Having just used the phrase ‘every man jack of them’, I wondered where on earth that expression sprung from.  Does it even occur in US usage?  I’ve lived here 30 years, and I still find myself wondering whether I am likely to be understood by a native…

Posted: 11 April 2007 06:15 PM   [ Ignore ]   [ # 1 ]
Total Posts:  1544
Joined  2007-03-21

Last time we discussed this

Posted: 11 April 2007 07:25 PM   [ Ignore ]   [ # 2 ]
Total Posts:  3333
Joined  2007-01-31

OTOH, Brewer is not very trustworthy and the OED draws no connection to “every chone”; it does not record the existence of “every-john” and it cites “every man John” a few decades later than “every man Jack”.

The OED compares the phrase to the obsolete use of “jack” as a common noun meaning “a man of the common people; a lad, fellow, chap; esp. a low-bred or ill-mannered fellow, a ‘knave’.”

Not very common in the US; I think of it as a Britishism.

[ Edited: 11 April 2007 07:29 PM by Dr.
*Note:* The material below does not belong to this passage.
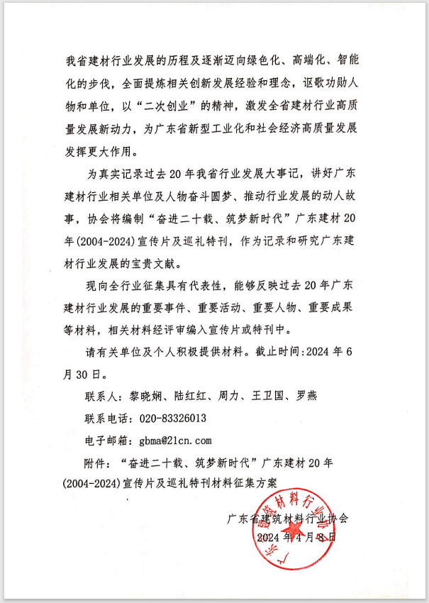 关于征集广东建材20年(2004-2024)行业发展典型事迹相关材料的通知

Techie ]
Posted: 12 April 2007 04:37 AM   [ Ignore ]   [ # 3 ]
Total Posts:  4214
Joined  2007-01-29

First OED cite:

1807 in Catal. Prints: Polit. & Personal Satires (Brit. Mus.) (1935-54) VIII. 601 May I never weigh anchor again—If I don’t upset every Man-Jack of you.

Cf. the comparable use of plain jack:

1548 UDALL Erasm. Par. Luke vi. 65 A common poyncte of pleasure doyng, that euery iacke vseth.

The Brewer explanation sounds to me completely implausible.